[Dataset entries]

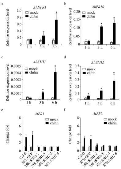 To gain more information, a set of defense-related genes, such as AtPR1 and AtPR2 [34], were subjected to qRT-PCR analysis using six biological replicates for validation. Expression levels were quantified in the wild-type (WT) samples, control (35S::GFP) samples, as well as the overexpression lines of AhS5H1 (35S::S5H1-2 and 35S::S5H1-5) and AhS5H2 (35S::S5H2-7 and 35S::S5H2-9). Both tested genes exhibited clear induction in response to chitin stimulation in both wild-type (WT) and control plant samples, when compared to the overexpression lines (Figure 6e,f). The integrated dataset revealed that the expression of AhS5H1 and AhS5H2 genes exhibited alterations in the response to defense mechanisms.
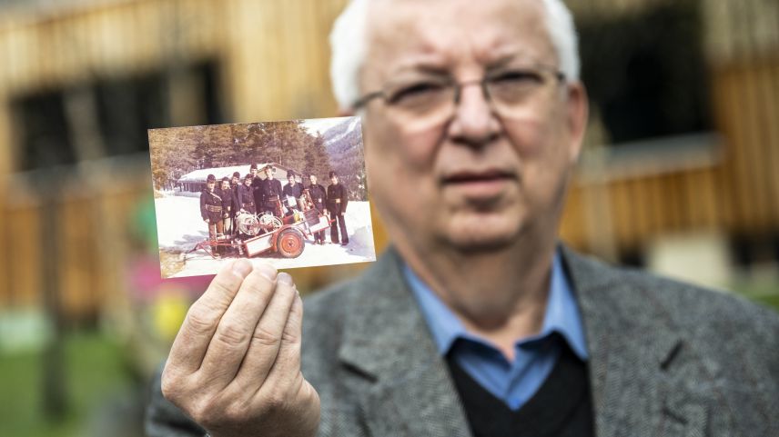 Etienne Aepli war Teil der letzten Schüler-Feuerwehr in Avrona. Er zeigt ein Bild der Feuerwehrgruppe von 1973. Foto: Mayk Wendt
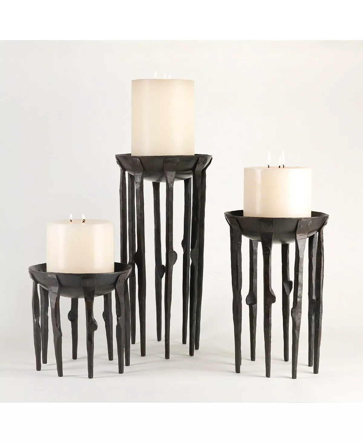 Medieval-inspired iron candleholders bring a sense of scale to a tablescape. Available in three heights. Candles sold separately.
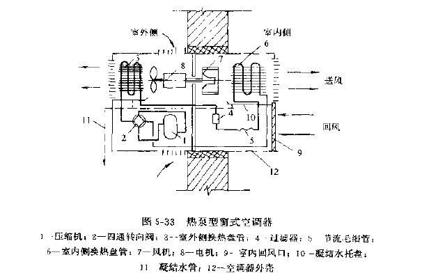 热泵型窗式空调器的工作原理基本与风冷式热泵型冷水机组相似(图5---33)。
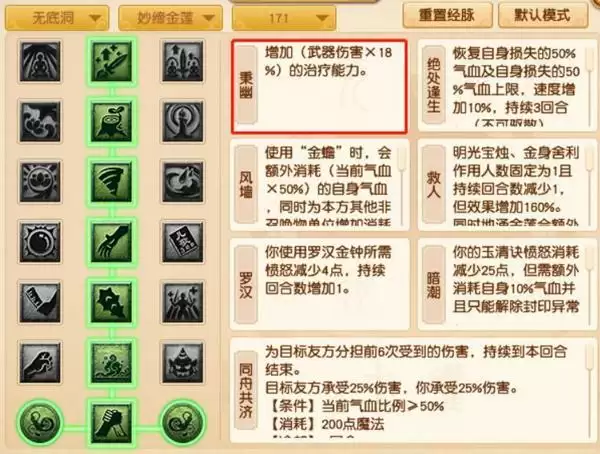1、妙缔金莲:辅助系,治疗回复,增益强化
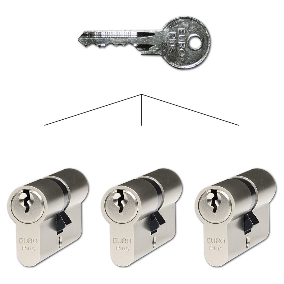 Vložky sú vhodné na uzamknutie bránky,garážovej brány, pivnice alebo záhradného domčeka. Všade tam kde sa vyžaduje dlhá životnosť a postačuje nižšia bezpečnosť. Sada na spoločný uzáver (SU) - jedným kľúčom otvoríte všetky 3 vložky Rozmer vložiek: 30mm + 35mm (celková dĺžka 65 mm Materiál vložiek a kľúčov: mosadz Povrchová úprava vložiek : matný nikel (NI) Certifikovaná podľa EN1303 na 50 000 cyklov Hmotnosť netto: 0,75 kg / set Balenie vrátane 9 ks predľžených kľúčov, 3 + 3 skrutka 50 + 60 mm Voľne kopírovateľný kľúč

■ **TASK TO CARRY OUT**:
Copy nothing but the lines above from the one with "Medieval-inspired iron candleholders" to the one with "1、妙缔金莲:辅助系,治疗回复,增益强化", inclusive, word for word. Leave every picture out.

■ **EXERCISE RESULT**:
 Medieval-inspired iron candleholders bring a sense of scale to a tablescape. Available in three heights. Candles sold separately.
 热泵型窗式空调器的工作原理基本与风冷式热泵型冷水机组相似(图5---33)。
1、妙缔金莲:辅助系,治疗回复,增益强化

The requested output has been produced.